L’Italia non è un Paese per giovani, ma i giovani devono volerlo cambiare. È stata questa la riflessione principale che Agnese Moro, figlia dello statista democristiano assassinato dalla Brigate Rosse nel 1978, ha offerto al pubblico del Festival dell’Economia di Trento, giunto quest’anno alla sua decima edizione. «Credo sia quantomeno eccessiva l’enfasi con cui tanti commentatori descrivono allarmati la cosiddetta “fuga di cervelli”. In realtà, il fatto che moltissimi ragazzi, terminati gli studi, decidano di emigrare non è necessariamente un dramma. Fare nuove esperienze all’estero può essere importante per la propria formazione. Piuttosto, chiediamoci perché questo accade. L’Italia è un Paese triste, un po’ deprimente, per i giovani: altrove l’idea del futuro è molto meno cupa di quanto non lo sia qui da noi».
Nel corso del dibattito organizzato dalla Consulta Provinciale degli studenti di Trento, Agnese Moro ha attribuito le responsabilità di questa stagnazione italiana in primo luogo agli adulti: le disillusioni di chi negli anni ‘70 credeva nella possibilità di cambiare il mondo agiscono oggi come ostacolo nei confronti delle speranze dei più giovani, che si affacciano alla partecipazione politica con estrema diffidenza, quasi con disgusto. Sono i genitori, spesso, a scoraggiare gli entusiasmi dei propri figli. «E invece dovete riappropriarvi dei vostri sogni, coltivarli e cercare di realizzarli», ha detto Agnese Moro, rivolgendosi ai suoi interlocutori e spiegando come sia proprio questa rassegnazione diffusa a impedire una vera mobilità sociale basata sull’attivismo politico. «L’articolo 3 della Costituzione impegna la Repubblica a rimuovere gli ostacoli che impediscono il pieno sviluppo della persona. Ma attenzione: spesso quei limiti siamo noi a fabbricarceli, creandoci degli alibi che giustifichino la nostra accettazione passiva del presente. È indispensabile creare delle occasioni che possano far uscire ciascuno dal guscio della propria individualità e riscoprire il valore del dialogo e del confronto collettivo».
E anche per quanto riguarda la crisi occupazionale, durante il dibattito è stata ribadita l’importanza per i giovani di seguire le proprie aspirazioni: è attraverso la pratica delle proprie passioni che si possono trovare nuove opportunità di lavoro.

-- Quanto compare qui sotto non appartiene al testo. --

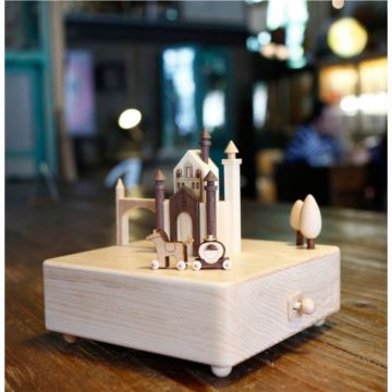 台湾jeancard枫木木质城堡马车旋转八音盒音乐盒创意七夕情人节生日礼物
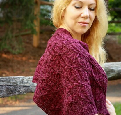When I set out to design a unisex, all-ages neckwear “accessory,” the first thing that came to mind was cables. But when facing the prospect of knitting them into a boring scarf shape, I was less enthusiastic—and so, an asymmetrical shawl was born! Worked from one point outward, the Greenbrier shawl features a repeating cable motif, trimmed with a modified garter stitch pattern along the opposite side, and finished with a fun picot bind-off.
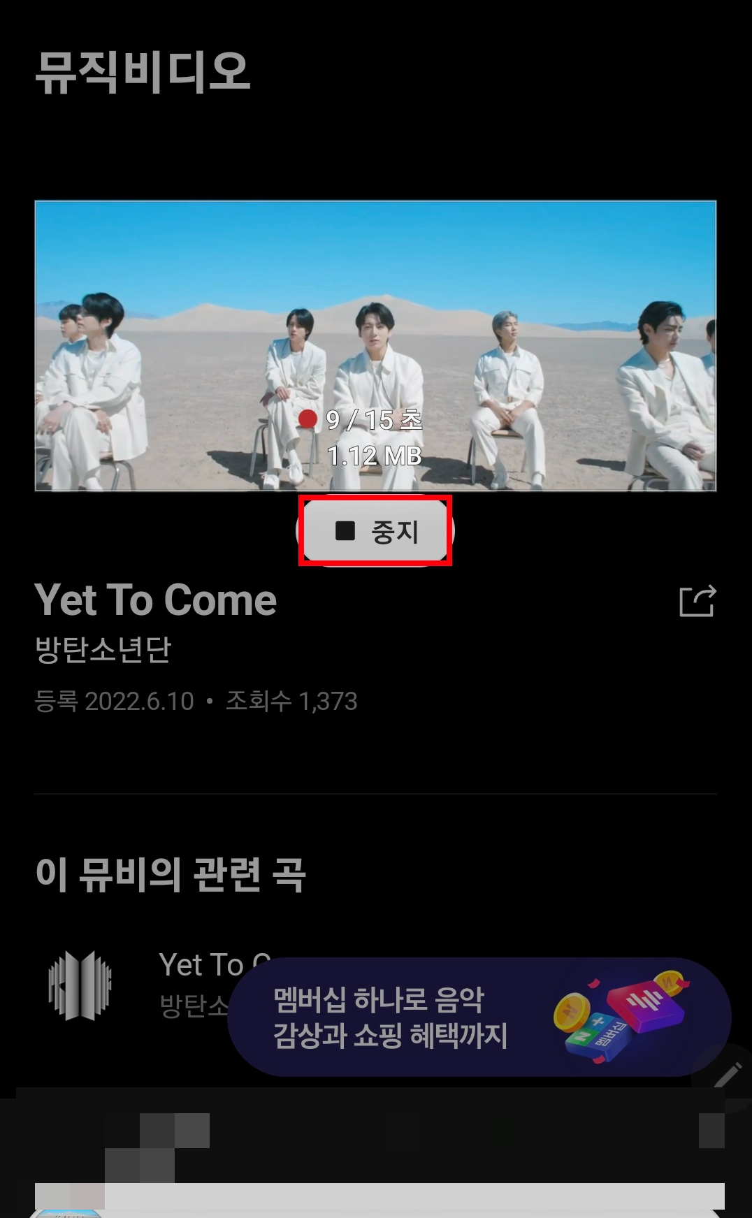 그다음 GIF 영상을 만들고 싶은 동영상을 재생 후 녹화 크기를 맞춘 다음 [녹화] 버튼을 클릭해줍니다. 그럼 최대 15초 동안 GIF 영상을 만들 수 있고 중간에 [중지] 버튼을 클릭하면 15초까지 녹화를 하지 않아도 됩니다.

Per la figlia di Aldo Moro si è trattato di un ritorno nel capoluogo trentino. Già nell’ottobre del 2013, infatti, aveva partecipato ad un incontro promosso dalla Fondazione Bruno Kessler in cui, insieme a Franco Bonisoli (uno dei membri del gruppo di fuoco delle BR responsabile della strage di via Fani), aveva affrontato il tema del perdono quale negazione o compimento della giustizia. Oggi Agnese Moro non ha voluto, invece, tornare sui 55 tragici giorni della prigionia di suo padre: si è limitata ad una breve considerazione sulla ricorrenza del 2 giugno. «L’unico patriottismo intelligente non può che passare per uno studio attento del nostro passato, per una piena comprensione della nostra storia».